• Problem to solve: Copy the records below exactly, from the line containing "SEM/BSE images from" through the last line, and leave out every picture.

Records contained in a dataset
---+---

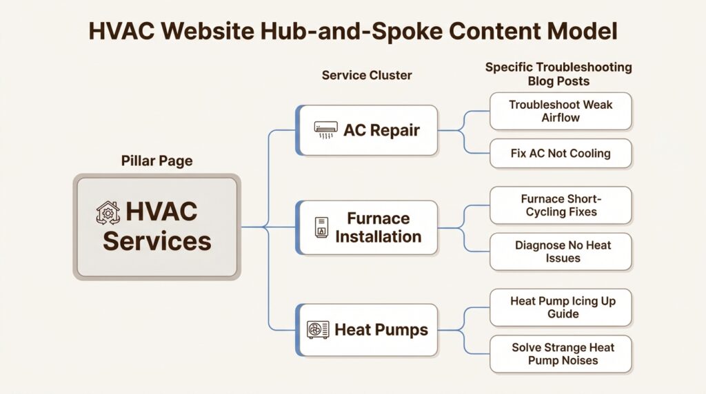 Blog content builds authority and captures long-tail traffic. Write about what your customers actually ask: “How often should I change my AC filter?” “Why is my furnace making that noise?” “What’s the difference between a heat pump and a furnace?”
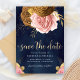 Dusty Pink Rose Earthy Floral Navy Wedding Save The Date
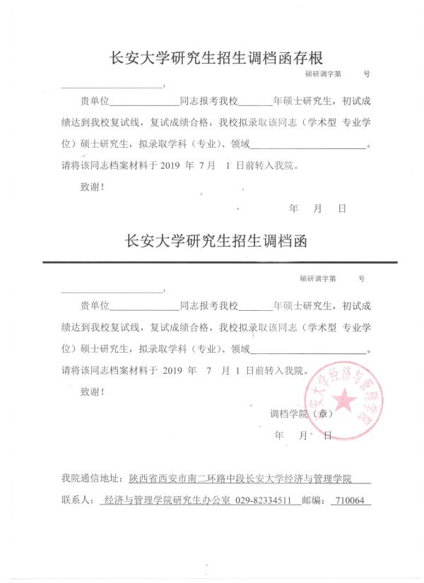 4.调档函通信地址:陕西省西安市南二环路中段长安大学经济与管理学院
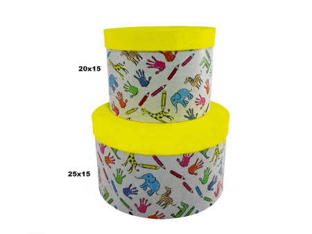Κουτί χειροποίητο, στρογγυλό, καπελλιέρα, φτιαγμένο από σκληρό χαρτόνι, με κίτρινο καπάκι επενδεδυμένο εξωτερικά με σχέδιο παιδικές παλάμες, ελέφαντες και καμηλοπαρδάλεις.
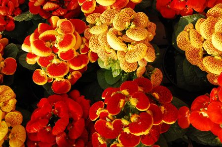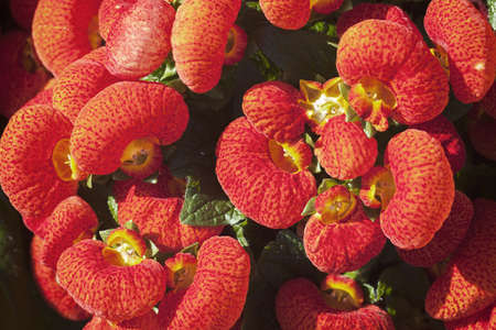 a lot of flowers of red house plant calceolaria, note shallow depth of field
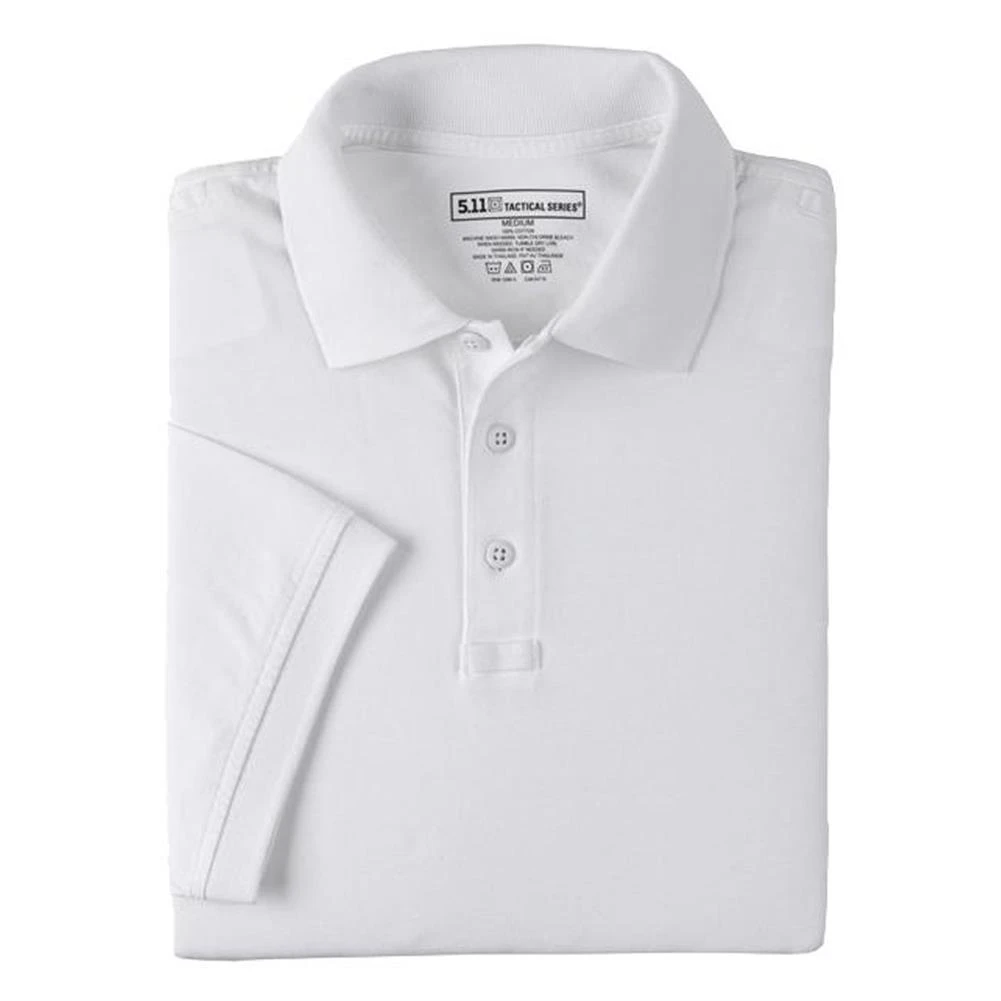 For casual on- or off-duty wear, the 5.11 Tactical Polo is sewn with law enforcement officers, security personnel and other tactical professionals in mind. This polo is designed to deliver a neat, professional look and high-performance functionality. It features mic-loop pockets on each shoulder and at the bottom of the placket, reinforced dual pen pockets and resilient melamine buttons. The No Roll Collar with collar stays provide a neat, clean appearance all day long. Made from 6 oz. 100% cotton jersey fabric, these shirts accept most embroidery and silk screening methods for total customization with your unit or department.
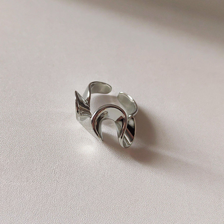 Close-up of an abstract silver adjustable ring with a crescent design from the wholesale set.
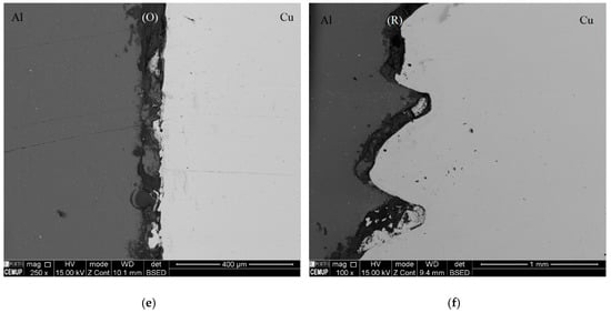 SEM/BSE images from the (a) Al/Cu-M, (b) Al/Cu-G, (c) Al/Cu-P, (d) Al/Cu-Q, (e) Al/Cu-O, and (f) Al/Cu-R joints produced by MPW technique.
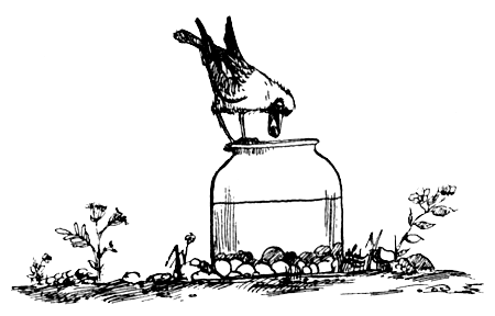 Совершенно такую же историю рассказал человек, который вырос в глухой деревне на Украине и ни Аристотеля, ни Бэкона не читал. Зато в детстве ему самому удалось наблюдать очень похожий факт. Он с удивлением обнаружил, как выращенный им ручной галчонок бросал камешки в банку, на дне которой находилось немного воды. Когда камни достаточно поднимали уровень воды, галчонок пил.
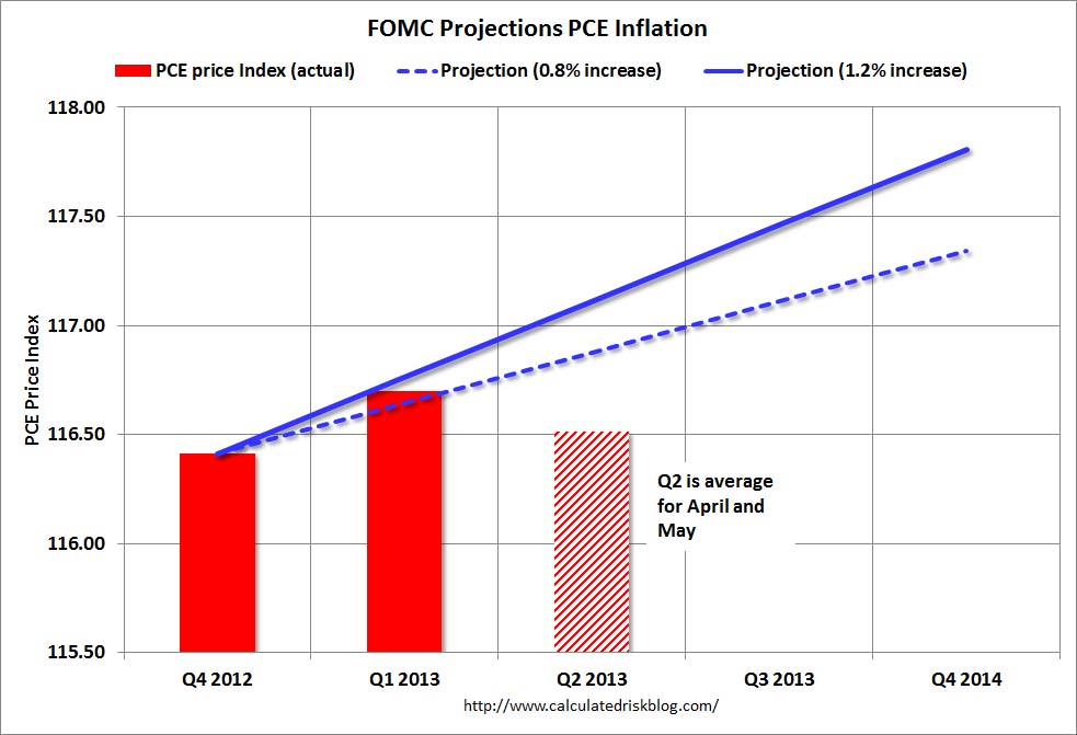 The third graph is for PCE prices.The current forecast is for prices to increase 0.8% to 1.2% from Q4 2012 to Q4 2013.We only have data through May, but so far PCE prices are below this projection – and this projection is significantly below the FOMC target of 2%. Clearly the FOMC expects inflation to pickup, and a key is if the recent decline in inflation is “transitory”.

---+---

• Your response:
 SEM/BSE images from the (a) Al/Cu-M, (b) Al/Cu-G, (c) Al/Cu-P, (d) Al/Cu-Q, (e) Al/Cu-O, and (f) Al/Cu-R joints produced by MPW technique.
 Совершенно такую же историю рассказал человек, который вырос в глухой деревне на Украине и ни Аристотеля, ни Бэкона не читал. Зато в детстве ему самому удалось наблюдать очень похожий факт. Он с удивлением обнаружил, как выращенный им ручной галчонок бросал камешки в банку, на дне которой находилось немного воды. Когда камни достаточно поднимали уровень воды, галчонок пил.
 The third graph is for PCE prices.The current forecast is for prices to increase 0.8% to 1.2% from Q4 2012 to Q4 2013.We only have data through May, but so far PCE prices are below this projection – and this projection is significantly below the FOMC target of 2%. Clearly the FOMC expects inflation to pickup, and a key is if the recent decline in inflation is “transitory”.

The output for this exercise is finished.